On 30/07/2011 16:18, Chris Keating wrote:
> I'm very pleased to say that our long-planned
collaboration with the
> National Maritime Museum is now happening.
>
> They have released a lot of info from their internal
research on Royal
> Navy warships on their website:
>
http://www.nmm.ac.uk/researchers/research-areas-and-projects/warship-histories/
> (it says CC-BY-NC but the NC bit is a typo and will
soon be corrected)
I know that "released" is now apparently synonymous with
"published" (in
American English at least). RS needs published secondary
sources, as we
understand.

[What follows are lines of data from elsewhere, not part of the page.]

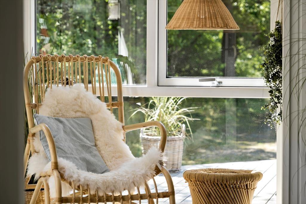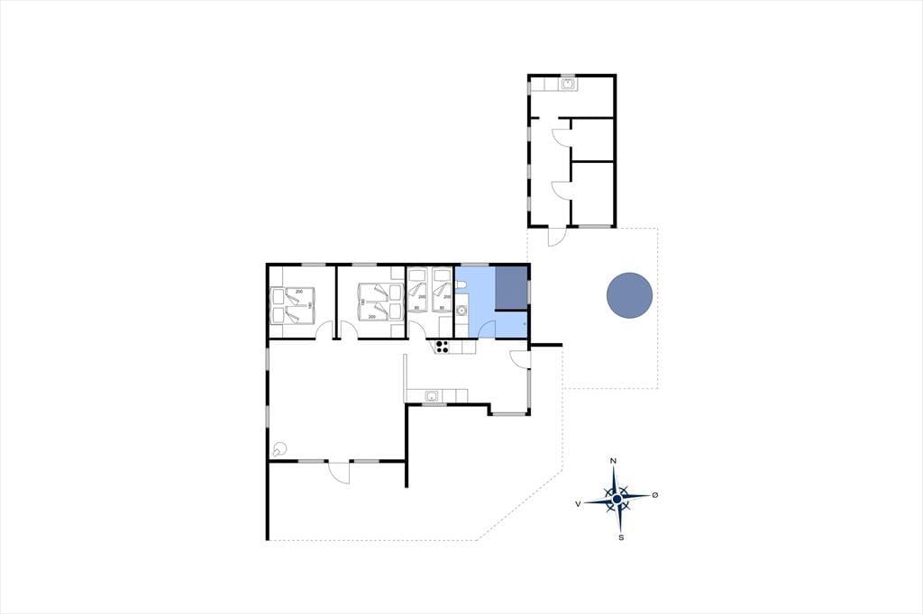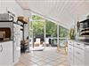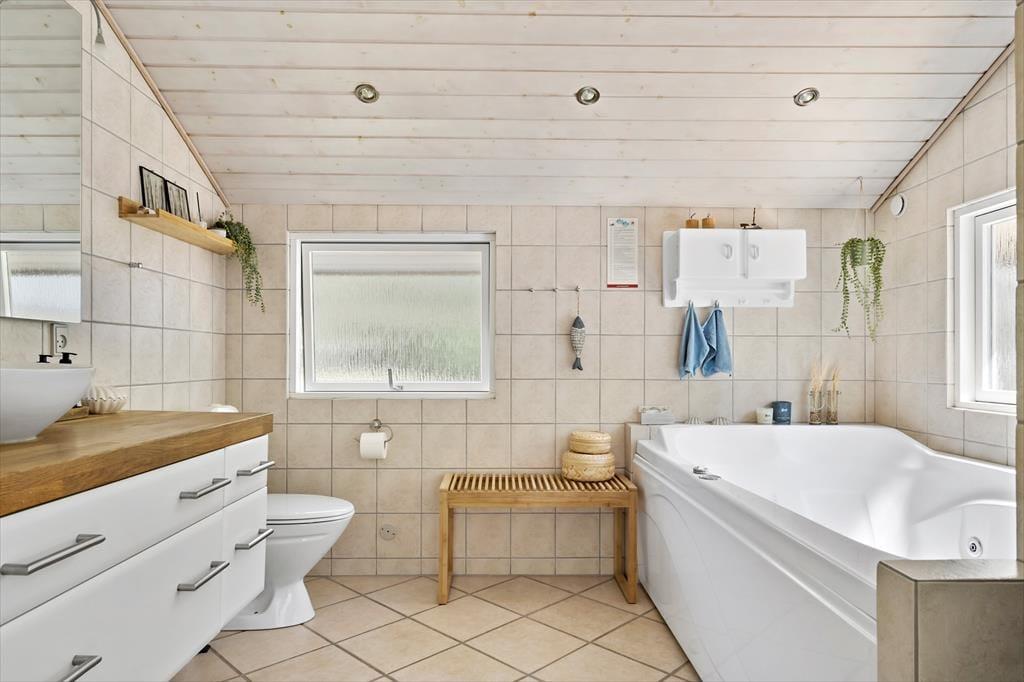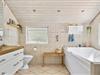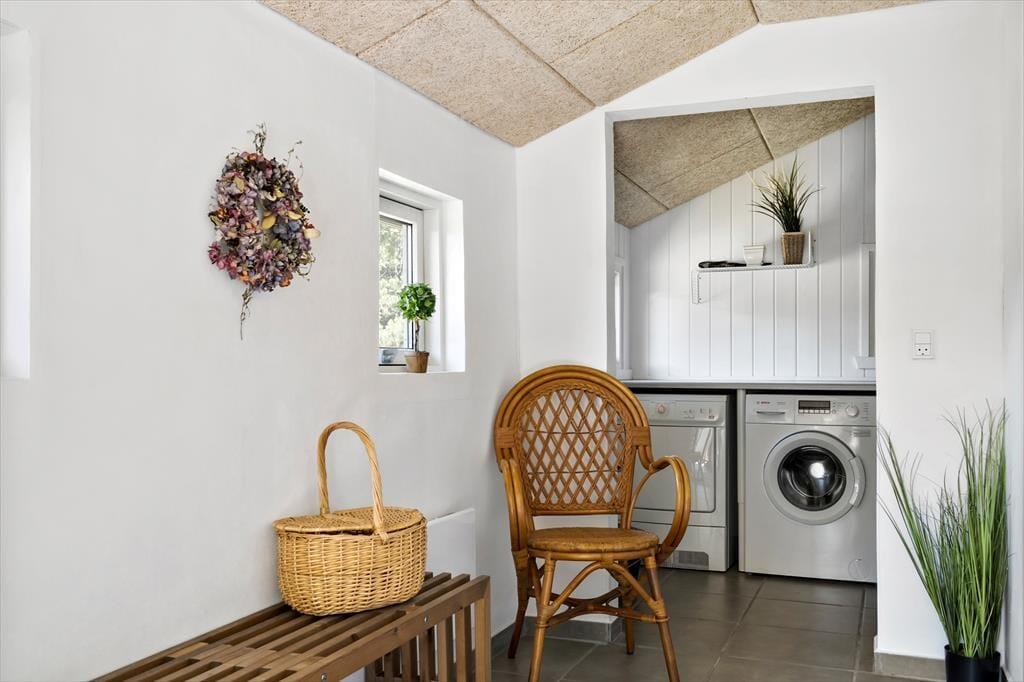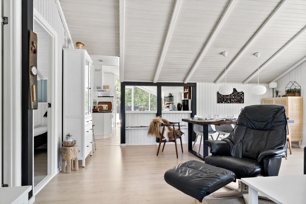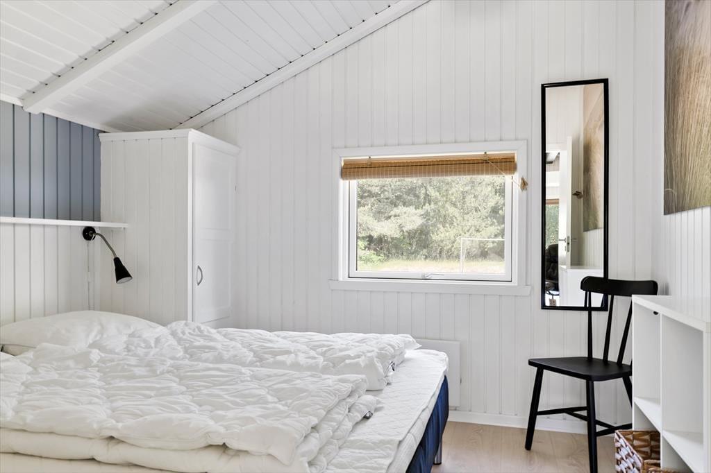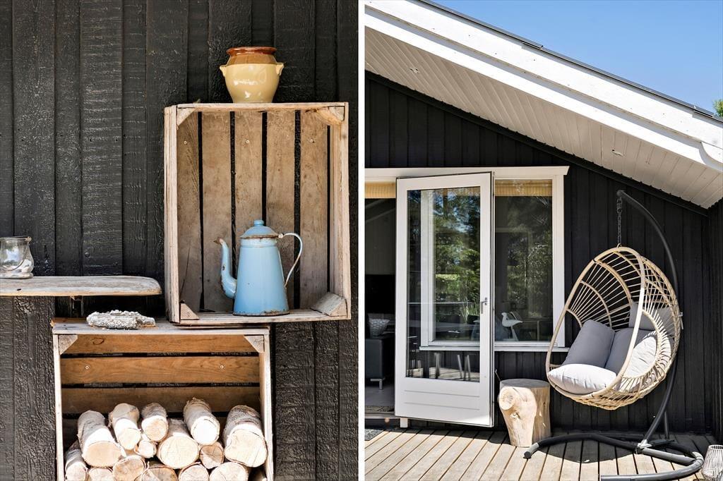 Både ude og inde præsenterer det 95 m2 store træsommerhus sig på tjekket vis. Rummenes lyse farvetoner og pæne interiør skaber en rar og indbydende atmosfære, og der er flere skønne steder at nyde livet – alt efter om I vil slappe af i nærheden af brændeovnen, kræse om maden i køkkenet eller tage en stille stund i badeværelsets topersoners spabad. Ved det store vinduesparti i køkkenet er der sågar indrettet en lille hyggekrog, hvor man kan nyde sollyset og udsigten med en varm kop kaffe eller en god bog. Når det er tid til at sige godnat, har I tre gode soveværelser at trække jer tilbage på, og hvis I får brug for at vaske tøj på ferien, er der både vaskemaskine og tørretumbler i udhuset.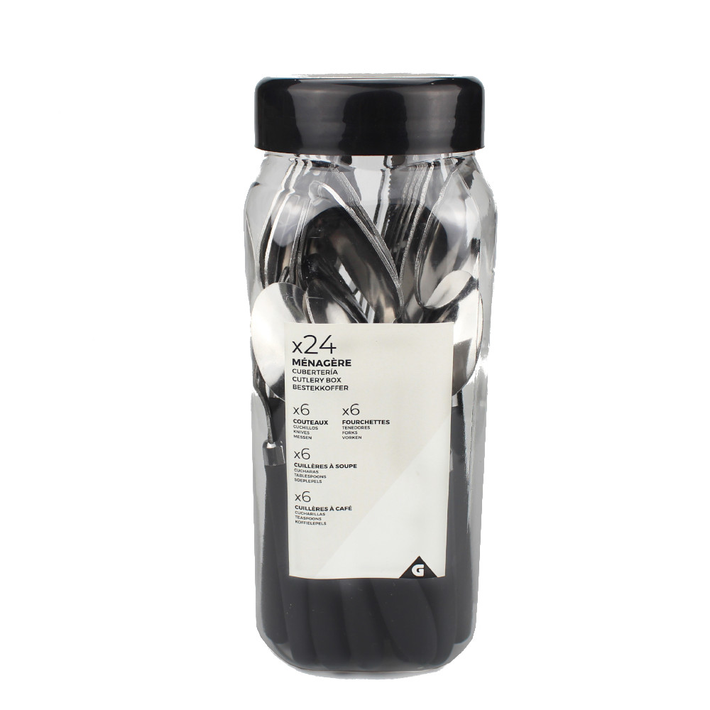 Cutlery set consisting of 24 stainless steel cutlery pieces with non-slip soft-touch handles in black.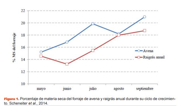 El bache estacional de producción de forraje invernal se hizo más evidente, en los sistemas mixtos agrícolo-ganaderos, a partir del incremento del área dedicada a la agricultura, con el consecuente aumento de la carga global en la ganadería. En este contexto es que los cultivos anuales de invierno son los recursos forrajeros más utilizados, ya que aportan entre mayo y septiembre una producción de forraje de 4 a 9 t materia seca (MS). ha-1 de alta calidad.

Just to be clear, we expect this data to be
acceptable as a
source directly citable in articles?
Yes. "Released" refers to the NMM's intellectual property.
"Published" refers to the act of making it available to the
public, as they have done on their website.
It is also a secondary source, in the sense that it's
information gathered by NMM staff (i.e. people who know what
they are doing) from the original source documentation.
It is clearly an _unusual_ secondary source in that we're
much more used to working with books, website articles, etc
than we are with 2,500-page PDF documents in this format, but
previous discussions (on this list and on-wiki) have indicated
that people think it is a good source for the purposes of
WP:RS
Obviously the community as a whole could in theory decide
that it is not a reliable source, which would scupper the
whole project and leave me looking very silly - but given the
reaction so far from the community has been very positive.